“Drinks in the hall after the service,” said the vicar. “Our esteemed treasurer Finbar is celebrating his 30th birthday.” Laughter in the congregation. In the church hall Finbar stood proudly next to his Nigerian wife Agatha, a practising psychologist 20 years his junior. 80 years young, he was upright, slim, well-dressed and relaxed. He could have been any age from 60 upwards.
Something important has happened over the past ten years: 80 is no longer very old. Of course, life expectancy has not yet reached 90 on average, though it’s heading that way, and many people suffer debilitation and illness after 80. But many people do not. An increasingly number of our peers are now reaching 80 in such good health that it is difficult to distinguish them from 50 year olds. It is important to notice and, if possible, socialise with people like Finbar. From childhood we have been programmed to expect one thing and one thing only when we hit 80: death.
The received wisdom is that older generations are more likely to cling to the familiar, and are afraid of change. But this is simply untrue, since older people adapt to huge changes – retirement, death of a spouse, reduced income, moving into new accommodation. Older people are also far from set in their ways and incapable of learning new things.

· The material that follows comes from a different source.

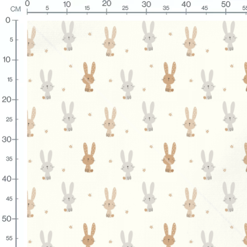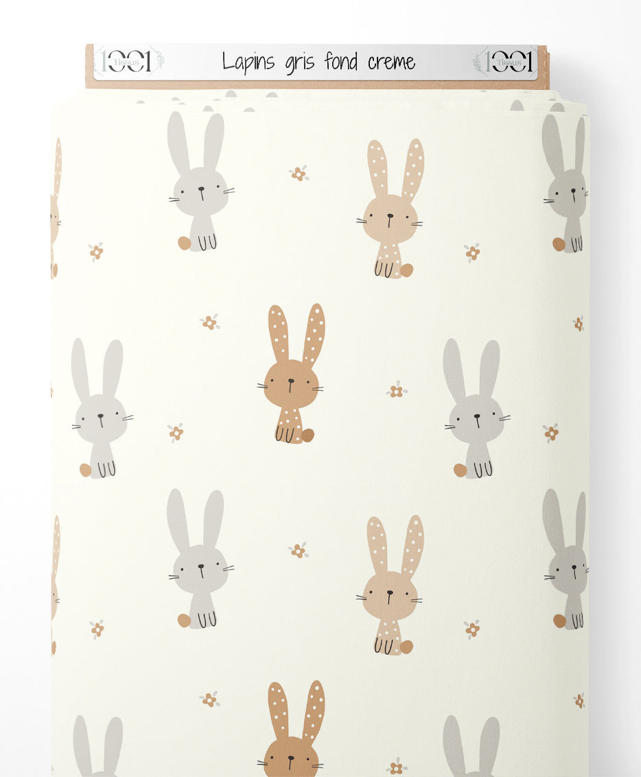 Les lapins ont des oreilles longues et des expressions simples. Les fleurs ajoutent une touche délicate au motif.Les tissus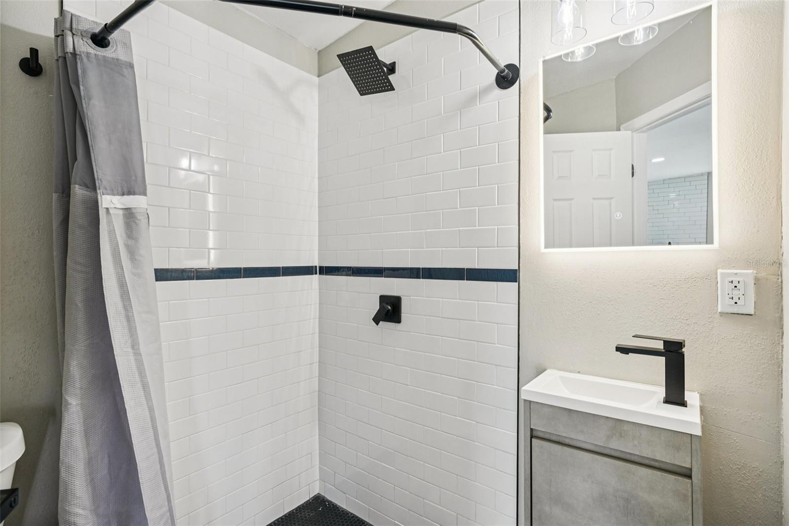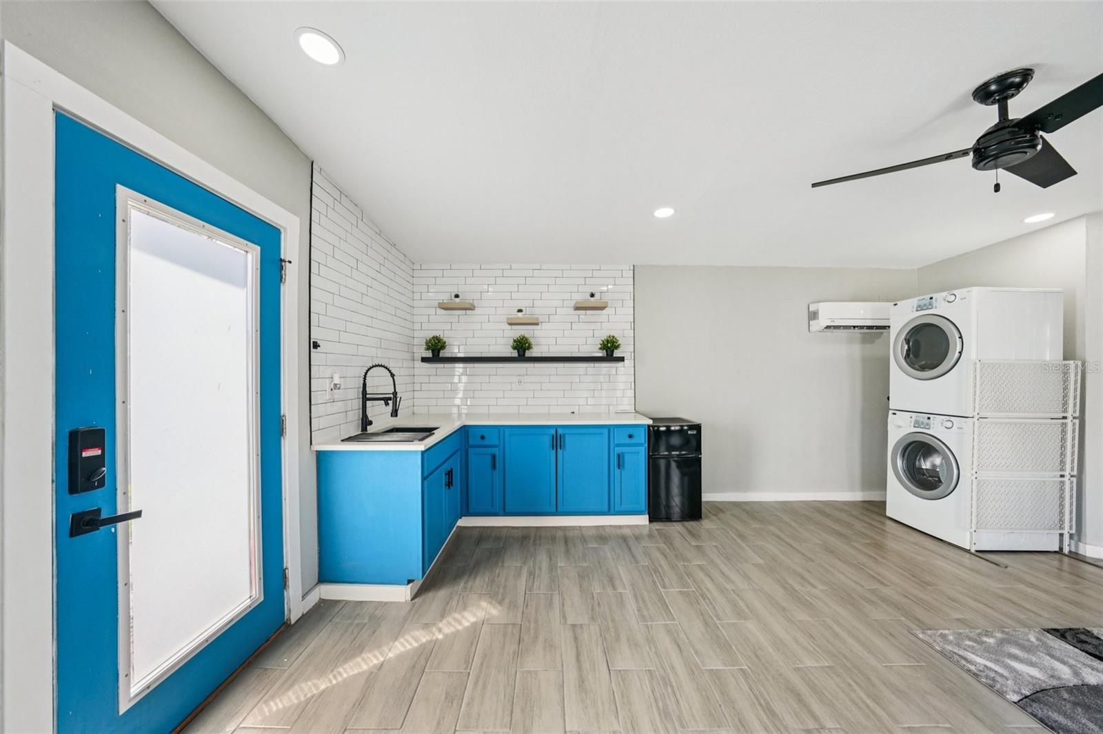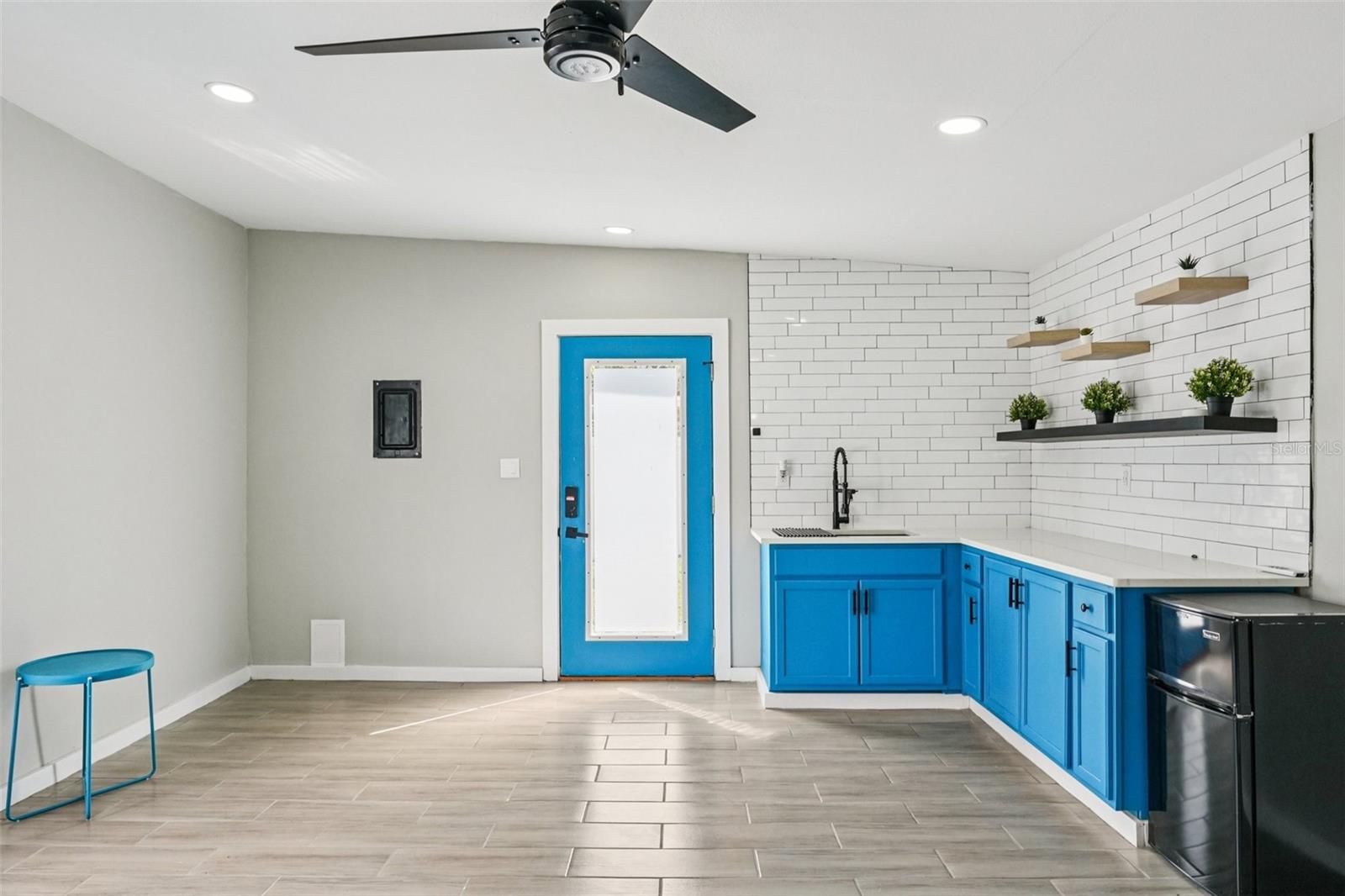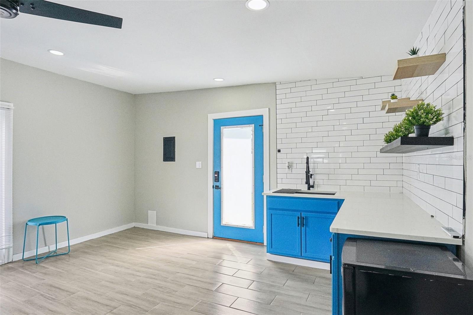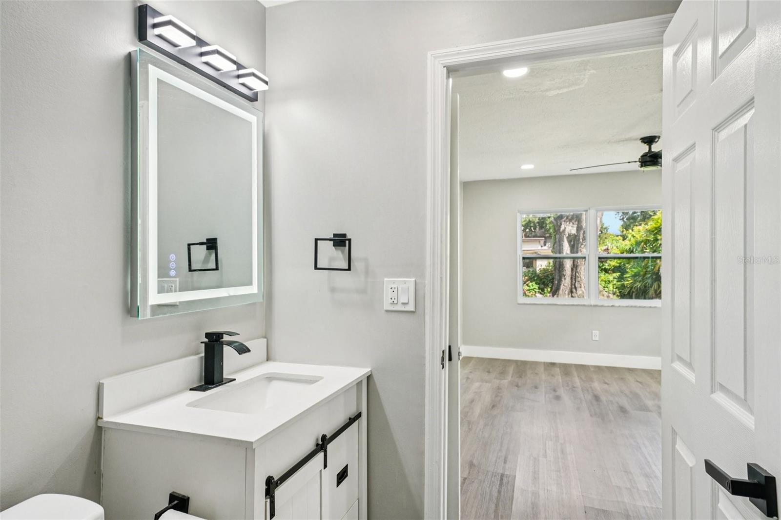 Welcome to this beautifully updated 3-bedroom, 2-bathroom home with a detached mother-in-law studio that blends timeless mid-century architecture with modern touches. The inviting covered front porch, angled rooflines, and decorative board-and-batten shutter accents on the crisp white brick exterior create eye-catching curb appeal and set the tone for the stylish interiors. Step through the door into an open-concept layout designed for comfort and everyday living. Elevated ceilings, recessed lighting, neutral finishes, and beautiful luxury vinyl plank flooring carry throughout, creating a warm yet modern atmosphere that flows easily from room to room. The updated kitchen is light and bright, outfitted with timeless shaker-style cabinets, stainless steel appliances, a large sink, and a pull-down spray faucet. A clean subway tile backsplash pairs with the quartz countertops, while the central island with pull-up breakfast bar overlooking the dining room invites casual meals and conversations with the cook. The split-bedroom plan offers flexibility for a variety of needs. The primary bedroom offers generous space, recessed lighting, a walk-in closet, and an ensuite bathroom. Both bathrooms feature modern finishes, including a sleek vanity with an LED mirror, and a gleaming tiled shower with contemporary accents. The second bedroom is conveniently located near this guest bath and kitchen, while the spacious third bedroom, just off the living room, is ideal for guests, a home office, or playroom. The detached guest house/mother-in-law studio expands the possibilities. With its own A/C unit, open living area, kitchenette, laundry, and full bath, it’s ideal for extended family, visitors, or rental income. Its finishes echo the main home, so it feels like part of the same story—stylish, functional, and inviting. Out back, a covered deck extends the living space of the main house, ideal for outdoor dining, entertaining, or relaxing in the shade. The large backyard offers plenty of room for play, gardening, or future customization, while the connection between the main home and guest house enhances the property’s versatility. Additional features include a new roof (7/24), newer A/C, and a non-flood zone location. With convenient access to major thoroughfares, commuting is a breeze, and you’re just minutes from Tampa International Airport, St. Joseph’s Hospital, Raymond James Stadium, Lowry Park Zoo, Busch Gardens, and an array of shops and restaurants. Don’t miss the chance to make this home your own—schedule your tour

Nicholas Danigelis, a sociologist at the University of Vermont, has found that all the evidence suggests that as people age their attitudes do not become more rigid. “It’s just not true,” he says. “More people are changing in a liberal direction than in a conservative direction.” Even those who are conservative may have started off even more so. The more years under our belt, the more ideas we are exposed to, and the more likely we therefore are to modulate our views. By comparing surveys of various age groups taken over a span of more than 30 years, sociologists have found that in general Americans’ views veer more towards the liberal as they grow older. A study by the University of Illinois suggests that older people are very open to new experiences. “The common assumption about personality is that it is hard-wired and won’t change, but this study contradicts that quite strongly,” said Brent Roberts, professor at the university’s department of psychology. This is true especially if older people continue to nurture their cognitive skills through education, reading, socialising etc. The perpetuation of the myth that older people are incapable of change is always damaging to elders, since relatives and those in the medical and caring professions will not bother to encourage them to learn new things, even if this knowledge is crucial to monitoring a physical condition (such as diabetes) that affects their health.
Younger people may beg to differ with this view. They raise their eyes to the ceiling if older people complain the supermarket has been rearranged. However, older people have had to learn and unlearn many new supermarket arrangements in their lifetimes, and yet another one is often simply an irritation, not an invitation to learn something exciting and new. Young people are also sometimes reluctant themselves to change their way of doing things – imagine what would happen if smart phones and the internet were suddenly “down” for a weekend.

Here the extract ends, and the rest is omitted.